- Opening Delimiter -

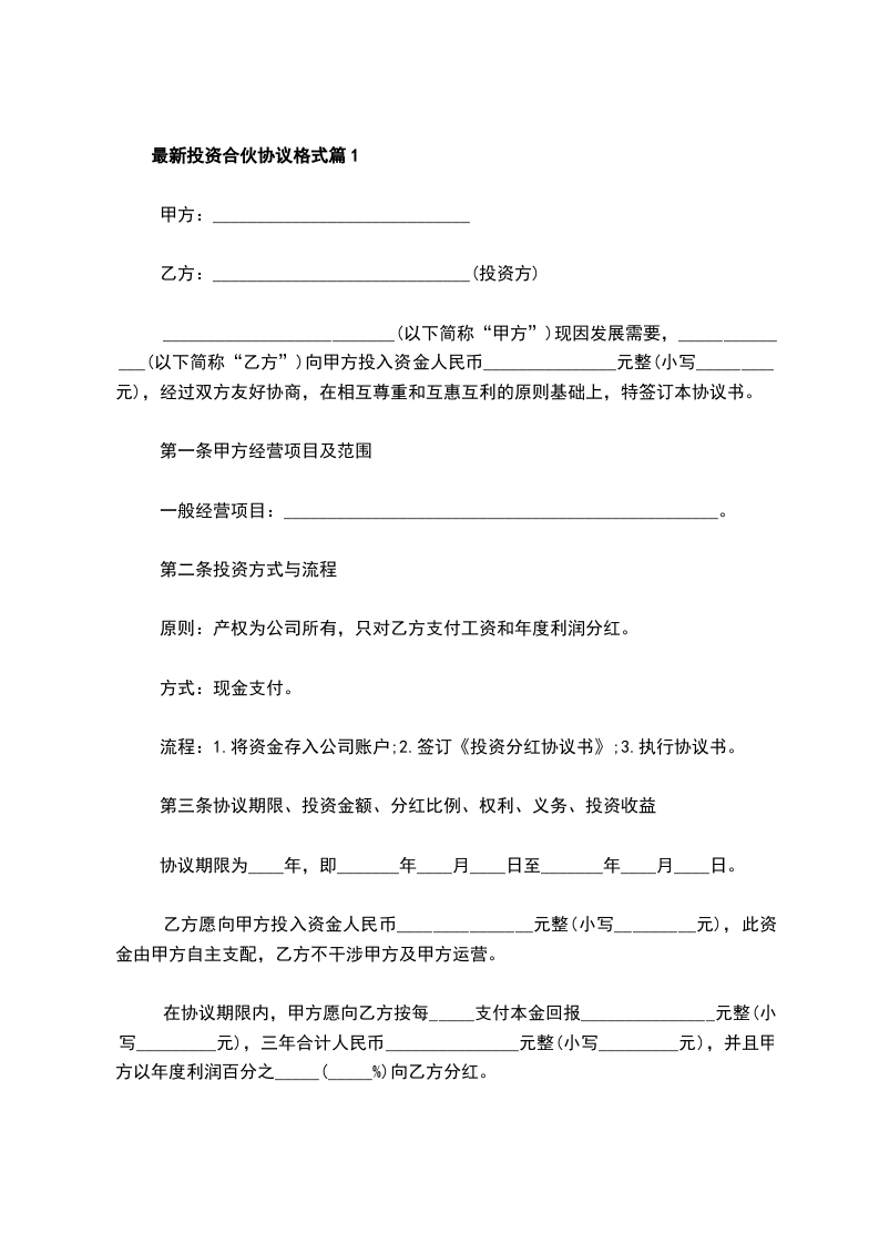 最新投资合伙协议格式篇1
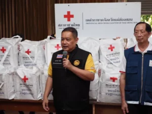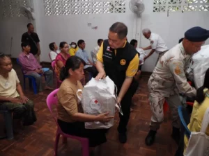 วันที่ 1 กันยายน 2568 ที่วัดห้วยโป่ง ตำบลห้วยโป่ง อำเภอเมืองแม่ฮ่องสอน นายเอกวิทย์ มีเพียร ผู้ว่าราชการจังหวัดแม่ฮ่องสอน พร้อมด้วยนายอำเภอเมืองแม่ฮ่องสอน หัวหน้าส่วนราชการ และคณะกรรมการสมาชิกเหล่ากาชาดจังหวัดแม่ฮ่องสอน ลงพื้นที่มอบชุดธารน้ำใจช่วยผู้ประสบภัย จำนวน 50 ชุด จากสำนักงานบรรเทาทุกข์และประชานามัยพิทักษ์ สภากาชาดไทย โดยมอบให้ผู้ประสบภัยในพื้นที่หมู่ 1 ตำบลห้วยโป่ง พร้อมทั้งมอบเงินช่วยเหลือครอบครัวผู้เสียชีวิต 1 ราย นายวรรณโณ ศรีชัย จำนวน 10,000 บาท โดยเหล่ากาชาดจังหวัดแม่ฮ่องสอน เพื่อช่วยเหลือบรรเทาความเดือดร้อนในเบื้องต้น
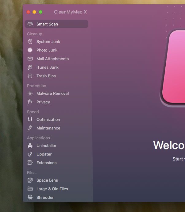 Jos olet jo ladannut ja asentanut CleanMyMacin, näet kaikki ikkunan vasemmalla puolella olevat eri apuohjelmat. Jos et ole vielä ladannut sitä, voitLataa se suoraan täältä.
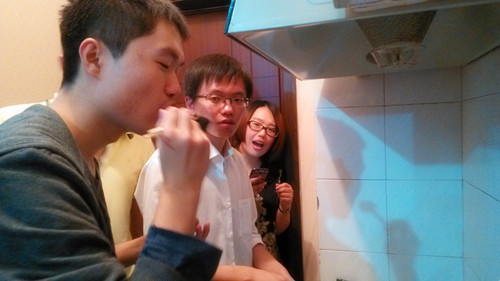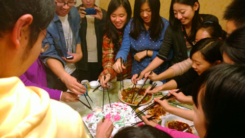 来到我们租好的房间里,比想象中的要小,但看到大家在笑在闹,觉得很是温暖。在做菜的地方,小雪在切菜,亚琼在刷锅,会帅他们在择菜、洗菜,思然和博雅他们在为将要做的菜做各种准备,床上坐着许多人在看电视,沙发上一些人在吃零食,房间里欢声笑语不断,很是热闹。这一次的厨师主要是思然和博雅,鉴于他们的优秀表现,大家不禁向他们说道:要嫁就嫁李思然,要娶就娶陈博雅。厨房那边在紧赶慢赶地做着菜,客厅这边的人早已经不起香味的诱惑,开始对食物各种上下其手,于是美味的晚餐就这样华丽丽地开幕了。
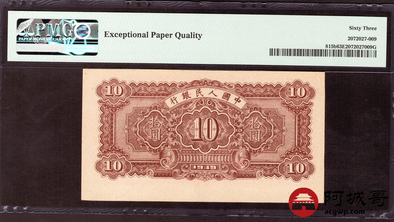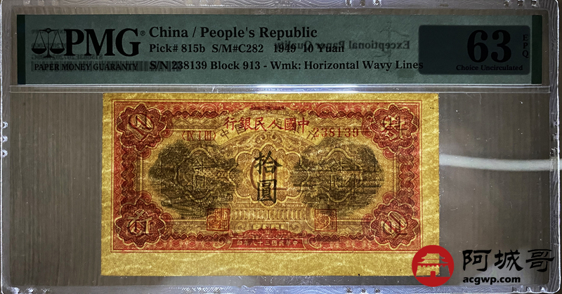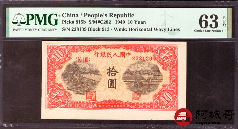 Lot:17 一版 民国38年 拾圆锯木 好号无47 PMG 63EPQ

- Closing Delimiter -

PROBLEM TO WORK ON: Quote the preceding records in their entirety, excluding every picture.

ANSWER FOR THIS EXERCISE:
 最新投资合伙协议格式篇1
 วันที่ 1 กันยายน 2568 ที่วัดห้วยโป่ง ตำบลห้วยโป่ง อำเภอเมืองแม่ฮ่องสอน นายเอกวิทย์ มีเพียร ผู้ว่าราชการจังหวัดแม่ฮ่องสอน พร้อมด้วยนายอำเภอเมืองแม่ฮ่องสอน หัวหน้าส่วนราชการ และคณะกรรมการสมาชิกเหล่ากาชาดจังหวัดแม่ฮ่องสอน ลงพื้นที่มอบชุดธารน้ำใจช่วยผู้ประสบภัย จำนวน 50 ชุด จากสำนักงานบรรเทาทุกข์และประชานามัยพิทักษ์ สภากาชาดไทย โดยมอบให้ผู้ประสบภัยในพื้นที่หมู่ 1 ตำบลห้วยโป่ง พร้อมทั้งมอบเงินช่วยเหลือครอบครัวผู้เสียชีวิต 1 ราย นายวรรณโณ ศรีชัย จำนวน 10,000 บาท โดยเหล่ากาชาดจังหวัดแม่ฮ่องสอน เพื่อช่วยเหลือบรรเทาความเดือดร้อนในเบื้องต้น
 Jos olet jo ladannut ja asentanut CleanMyMacin, näet kaikki ikkunan vasemmalla puolella olevat eri apuohjelmat. Jos et ole vielä ladannut sitä, voitLataa se suoraan täältä.
 来到我们租好的房间里,比想象中的要小,但看到大家在笑在闹,觉得很是温暖。在做菜的地方,小雪在切菜,亚琼在刷锅,会帅他们在择菜、洗菜,思然和博雅他们在为将要做的菜做各种准备,床上坐着许多人在看电视,沙发上一些人在吃零食,房间里欢声笑语不断,很是热闹。这一次的厨师主要是思然和博雅,鉴于他们的优秀表现,大家不禁向他们说道:要嫁就嫁李思然,要娶就娶陈博雅。厨房那边在紧赶慢赶地做着菜,客厅这边的人早已经不起香味的诱惑,开始对食物各种上下其手,于是美味的晚餐就这样华丽丽地开幕了。
 Lot:17 一版 民国38年 拾圆锯木 好号无47 PMG 63EPQ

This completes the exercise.